Для успеха отливки необходимо было произвести ее как можно быстрей,
поэтому было условлено, что при сигнальном выстреле из пушки резервуары
мгновенно откроются, выпуская расплавленный металл.
Рабочие и мастера стояли каждый на своем посту, ожидая выстрела с
нетерпением и, разумеется, не без тревоги. Кроме них, внутри ограды никого
не было. Мастера-литейщики стояли у самых сточных отверстий.
Барбикен и его коллеги находились на соседнем холмике. Перед ними
стояла пушка, которая должна была выстрелить по сигналу главного инженера.
Незадолго до полудня показались первые капли жидкого чугуна; понемногу
стали наполняться приемники; наконец весь чугун расплавился; но надо было
дать ему немного отстояться, чтобы посторонние примеси всплыли на
поверхность.
Пробило двенадцать. Внезапно блеснуло желтое пламя, и раздался звук
пушечного выстрела. В тот же миг раскрылись 1200 сточных отверстий, и из них
сразу выползли 1200 огненных змей, извиваясь сверкающими кольцами. Они
быстро достигли краев шахты и ринулись в нее с ужасающим грохотом и гулом на
глубину 900 футов. Это было великолепное, захватывающее зрелище. Земля
дрожала; над шахтой заклубились вихри дыма, ибо раскаленный металл мгновенно
испарил влагу, скопившуюся на внутренних стенках пушечного канала и на
стенах шахты, и пар вырвался наружу через отдушины в каменной кладке. Он
устремился вверх густыми спиралями и поднялся на высоту пятисот туазов.

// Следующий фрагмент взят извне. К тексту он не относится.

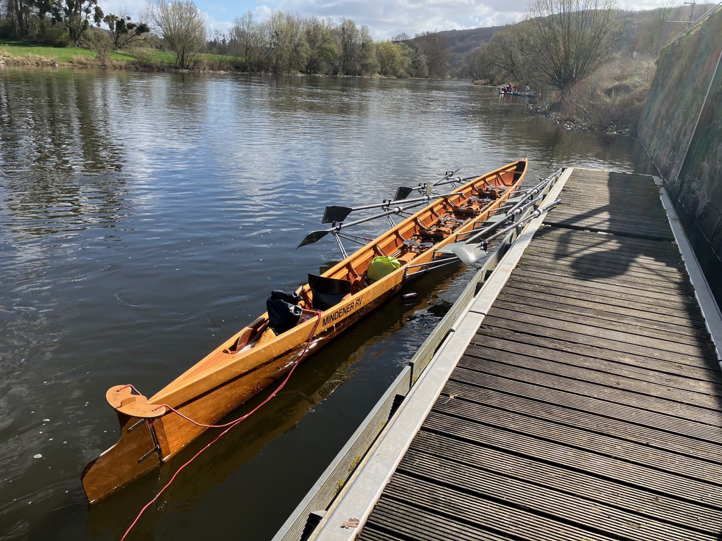 Die so genannte „Dreiecksfahrt“ führt uns vom Bootshaus weserabwärts bis zum Wehr Petershagen und über die Bootsrutsche bis nach Windheim. Dort biegen wir in den Windheimer Schleusenkanal ab und fahren den Kanal mit Schleusung bergauf bis er wieder in die Weser mündet. Den Rest der Strecke rudern wir gegen die Strömung zurück zum Bootshaus.
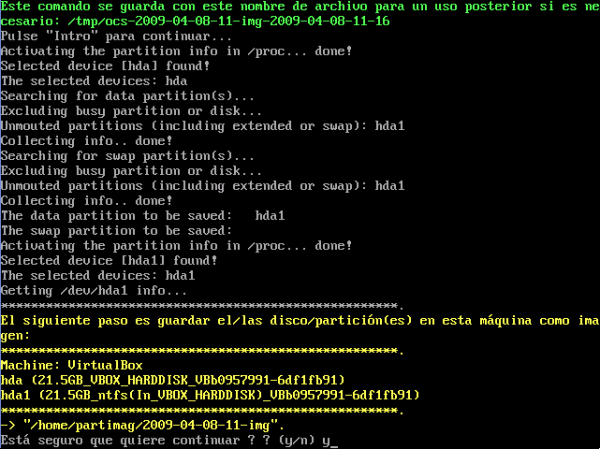 Antes de dar comienzo de modo efectivo al proceso de creación de la imagen, CloneZilla nos pide confirmación a través de la siguiente ventana, en la cual se nos preguntará si deseamos continuar con el proceso de creación de la imagen, respondiendo afirmativamente al pulsar sobre la tecla "y", y posteriormente sobre la tecla "Enter".
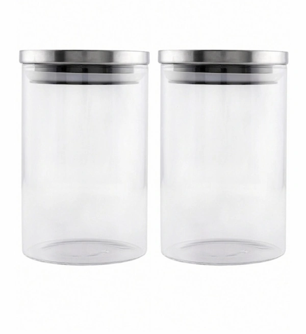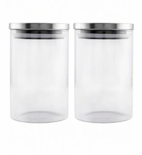 GOODHOMES Set of 2 Transparent Borosilicate Airtight Jars with Metal Lid

Индейцы, блуждавшие по степи вдалеке от Стонэхилла, могли подумать, что во
Флориде появился новый вулкан, а между тем тут не было ни извержения, ни
смерча, ни грозы, ни борьбы стихий -- ни одного из тех явлений природы,
которые устрашают человека. Нет! Эта масса красных паров, это гигантское
пламя, вырвавшееся, точно из кратера, дрожание почвы, похожее на подземные
толчки при землетрясении, невообразимый шум, подобный реву урагана,-- все
было делом человеческих рук; человек вырыл пропасть и низвергал в нее целую
Ниагару расплавленного металла!
ГЛАВА ШЕСТНАДЦАТАЯ. Колумбиада.
Удалась ли отливка колумбиады? Об этом пока можно было только строить
предположения. Правда, все говорило за успех: форма колумбиады поглотила
целиком весь выплавленный в печах чугун. Однако не скоро еще удалось
непосредственно проверить качество отливки.
Действительно, когда майор Родмен отлил свою пушку в 160 тысяч фунтов
весом, пришлось ждать пятнадцать суток, пока орудие окончательно остынет.
Сколько же времени будет скрыта от взоров своих поклонников гигантская
колумбиада, окутанная тучей паров? Как долго будет продолжаться ее
остывание? Это невозможно было вычислить.
Терпение членов "Пушечного клуба" подвергалось жестокому испытанию. Но
ничего нельзя было поделать. Самоотверженный Мастон едва не изжарился
живьем, подбежав слишком близко к шахте. Спустя две недели после отливки над
шахтой еще клубился огромный столб дыма, и почва жгла ноги на расстоянии
двухсот шагов от вершины Стонзхилла.
Дни шли за днями, неделя следовала за другой, и все еще нельзя было
подойти к шахте. Не было никакой возможности ускорить остывание огромного
чугунного цилиндра. Оставалось только ждать, и члены "Пушечного клуба" не
находили себе места от нетерпения.
-- Сегодня уже десятое августа,-- сказал однажды утром Мастон.-- До
первого декабря остается меньше четырех месяцев! А предстоит еще вынуть
форму из колумбиады, калибровать и зарядить пушку. Не успеем к сроку. К
пушке нельзя даже приблизиться! Неужели так-таки она никогда и не остынет?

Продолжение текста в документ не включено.